Because of the problem in Karabakh, Azerbaijan is forced at times to act with an eye on Russia and avoid making any sharp “movements” in Russia’s direction. Other constraints may include the Russian market, in which a large part of Azerbaijani agricultural products have traditionally been sold, and the large number – at least a million – of migrant workers in Russia. These factors can be considered as Moscow’s levers of influence over Baku. Experts are inclined to think that Azerbaijan’s interest in international alliances depends in inverse proportion on the volume of energy harvested. That is to say as soon as a decline is noted in the oil and gas production industries, which, based on a number of prognoses could happen by 2020, this will reflect accordingly in the self-sufficiency of the Azerbaijani state, which might begin to look interestedly into multilateral unions.

Russia would of course like to see Azerbaijan in the Eurasian Economic Community (EAEC), but it cannot understand why any sort of pressure on Baku just pushes it into ever tighter ties with Ankara and why tough actions only alienate Azerbaijan as a potential partner. All the same, bilateral relations between Russia and Azerbaijan can be fully considered as warm and friendly. Despite many predictions, they were not even soured by Azerbaijan’s refusal to extend Russia’s lease on the Gabala Radar Station. Moscow’s influence on Baku may be best described as limited.
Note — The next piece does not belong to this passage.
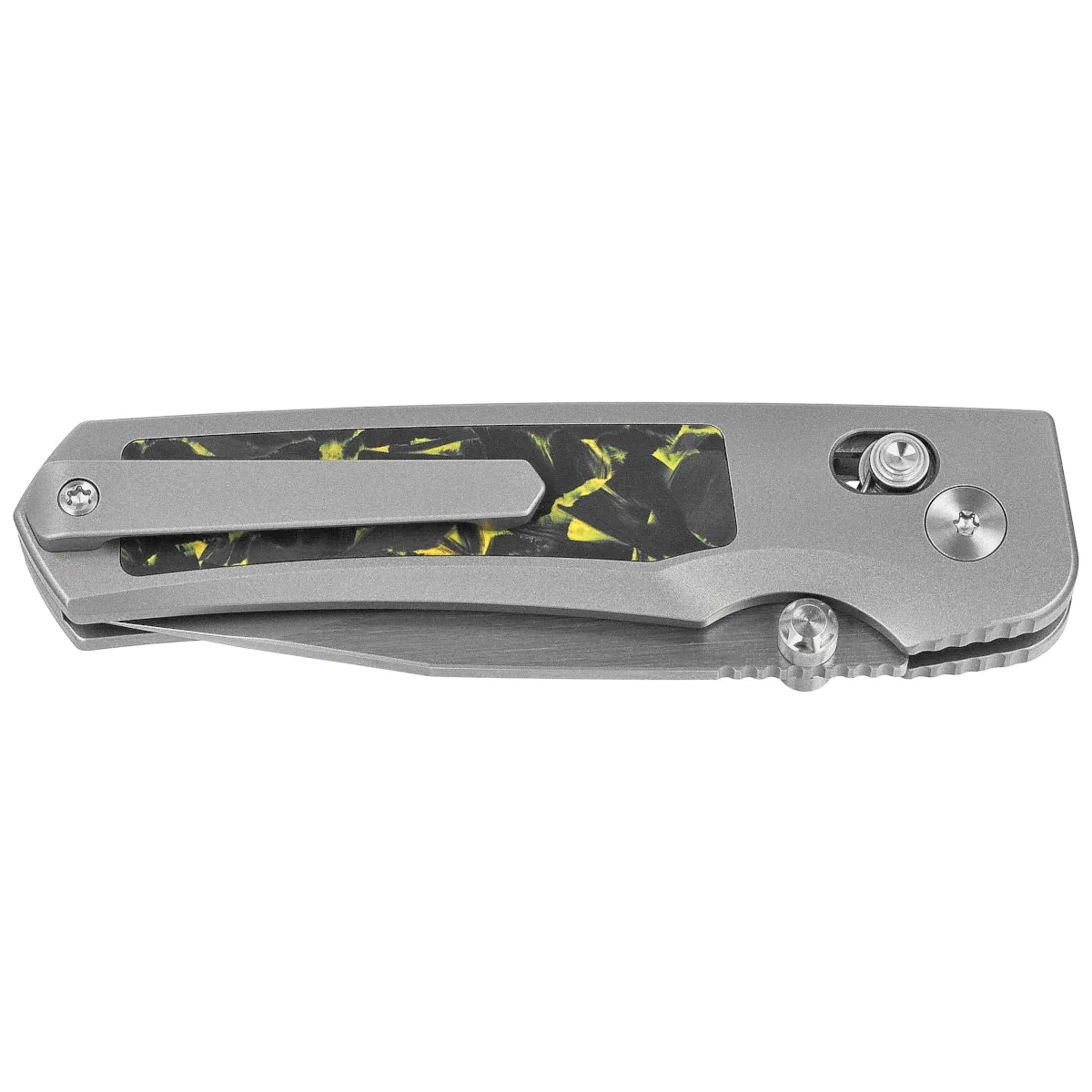 Handle - 6AL4V titanium skeleton, the surface of which has been treated with ceramic sandblasting, providing a matte finish resistant to traces of use. Carbon fiber inserts , embedded precisely in the recesses, increase grip and add visual contrast. The axis lock works with ceramic bearings, which translates into velvety smoothness of folding and unfolding the blade. The design is crowned by a double-sided deep carry clip made of titanium, allowing the folder to be carried discreetly. The ergonomic shape, symmetrical layout and high quality finish make the Aurora model an excellent everyday tool.

There are no problems between Yerevan and Moscow. The Armenian leadership’s short-lived vacillations between the EU and the EAEC ended in the selection of the pro-Russian alliance. In response, Russia provided its strategic partner with security guarantees. If we add to that the fact that Russian capital is ubiquitous throughout virtually the whole Armenian economy, in the very least it is present in its most attractive objects and sectors to a significant degree, then we see that Yerevan is highly, if not completely, dependent on Moscow. The West had related loyally to Armenia’s multi-vector approach to foreign affairs and tilt towards Russia given Armenia’s difficult conditions under the Azerbaijani-Turkish blockade. But after the Armenian government unconditionally supported Russia’s actions in Ukraine, the West let it be made known that it may reconsider its relationship to Yerevan. This means that Russia’s main ally in the South Caucasus could face difficult days in terms of internal stability.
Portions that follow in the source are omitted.